Pandey locates the reasons for this distrust in 1947. A large section of Muslims who stayed back in India had voted for Pakistan, and their allegiance to India, in case of a then probable war against Pakistan, was suspect. Amid such tensions, Muslims were expected to pledge to defend India with their lives; this pledge was to be their “password of citizenship”. Pandey claims that such passwords, or proofs of loyalty, have been demanded of Muslims ever since. Hilal Ahmed in his book Siyasi Muslims has made a list of demands made of Muslims so they can be considered Indian. The list covers everything from the practice of their religion, to their dress, their family life, their eating habits and their politics. The list is never-ending because the demands are never sincere. As Ahmed notes,

Even if all Muslims start singing ‘Vande Mataram’ wholeheartedly, change their names, remove a few verses from the Quran, they won’t become a Hindu/Indian/patriot.³

Pandey’s idea of Indian nationhood takes for granted the construction of a monolithic identity, even though he views such a construction as “tyrannical”. This has been challenged by Yogendra Yadav’s idea of a ‘state nation’ which shows that multiple and complementary identities can and do exist within a single nation. Pandey also displays a historian’s bias of attaching excessive importance to certain historical events, in his case, the Partition. We have already seen how the anxieties relating to regionalism and ‘linguism’, also created by the Partition, abated with time, apparent by the fact that regional and linguistic identities were absorbed into the ‘state nation’. One must concede that it is not fair to compare these anxieties to the distrust of Muslims right after Partition; the latter, having been forged in destruction and bloodshed, was much stronger. However, looking at the process by which regional and linguistic were absorbed into the ‘state nation’ can give us better insight into the reasons for the exclusion of Muslims.

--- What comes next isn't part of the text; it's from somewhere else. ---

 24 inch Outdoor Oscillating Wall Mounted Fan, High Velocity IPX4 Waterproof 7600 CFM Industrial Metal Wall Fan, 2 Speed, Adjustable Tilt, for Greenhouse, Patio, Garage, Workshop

On this topic, Yadav, again, clues us in. He writes, ”The idea of India, closer to state nation than to nation state, was nurtured by the national independence movement and would eventually be enshrined in the constitution… and institutionalised in competitive politics thereafter.”⁴ These three — the national independence movement, the constitutional assembly debates and post-independence competitive politics — I call ’sites of absorption’, where diverse identities were integrated into the Indian ‘state nation’. Looking at any of these sites, we may uncover how a Muslim identity was kept out of the ‘state nation’, even as doors were opened to other identities. For the purposes of this essay, we will only consider the National Movement. What should interest us are not just the historical ‘events’ that make up the movement, but also the popular narratives that inform the contemporary understandings of these events.

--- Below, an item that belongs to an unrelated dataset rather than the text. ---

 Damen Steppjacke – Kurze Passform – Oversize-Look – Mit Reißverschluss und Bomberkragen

Re-organisation of provinces on linguistic basis was among the fundamental demands of the national movement. It found a place in the 1928 Draft Constitution created by a Motilal Nehru-led committee. Years before this, in the 1920 Congress session, Gandhi had led a re-organisation of a centralised INC into Provincial Congress Committees based on the linguistic principle. Furthermore, it was promised that on attainment of Swaraj, the division of provinces would be on a linguistic basis. When initial Congress governments tried to walk back on this commitment, regionalists were bolstered by the fact that their demands had acquired public and political acceptance over time. In contrast to this, religion as a basis of political organisation was never legitimised.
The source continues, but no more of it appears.